Eine SPIEGELstunde des Journalismus

Sofort nach der Tat begann die Vertuschung. Kurras wird umgehend nach der Tat vom Polizeipräsidenten auf das Präsidium geschickt, wo er erst rund drei Stunden später auftaucht. Polizisten, die direkt daneben standen, wurden damals (1967) von der Staatsanwaltschaft nicht vernommen. Die BILD zeigte damals ein beschnittenes Foto des auf dem Boden liegenden Benno Ohnesorg, auf dem Kurras weggeschnitten war, mit der Bildunterschrift: „Auf der Straße zusammengebrochen. Wann kommt Hilfe?“

Sofort nach dem Schuss skandieren die Demonstranten: „Mörder!

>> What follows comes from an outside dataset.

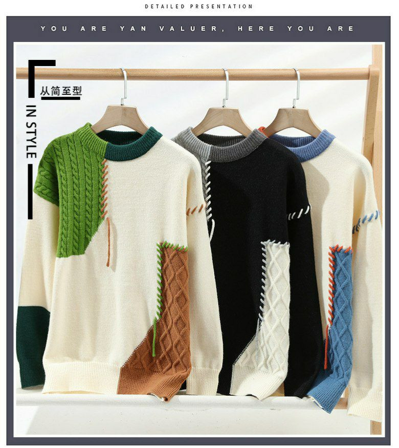 Nouveau Pulls en tricot patchwork col rond de style décontracté Base pull en tricot, vêtements pour hommes

Mörder!“

Der Krankenwagen, der Benno Ohnesorg ins Krankenhaus brachte, brauchte für die Strecke, die man mit einem normalen Auto ohne Blaulicht in zehn Minuten fährt, beinahe eine Stunde. Als das Fahrzeug im Krankenhaus Moabit ankam, war Benno Ohnesorg tot. Obwohl Ohnesorg tot war, wird er sofort ‚operiert‘: der Teil der Schädeldecke mit dem Einschussloch wird herausgebrochen und ist seitdem verschwunden.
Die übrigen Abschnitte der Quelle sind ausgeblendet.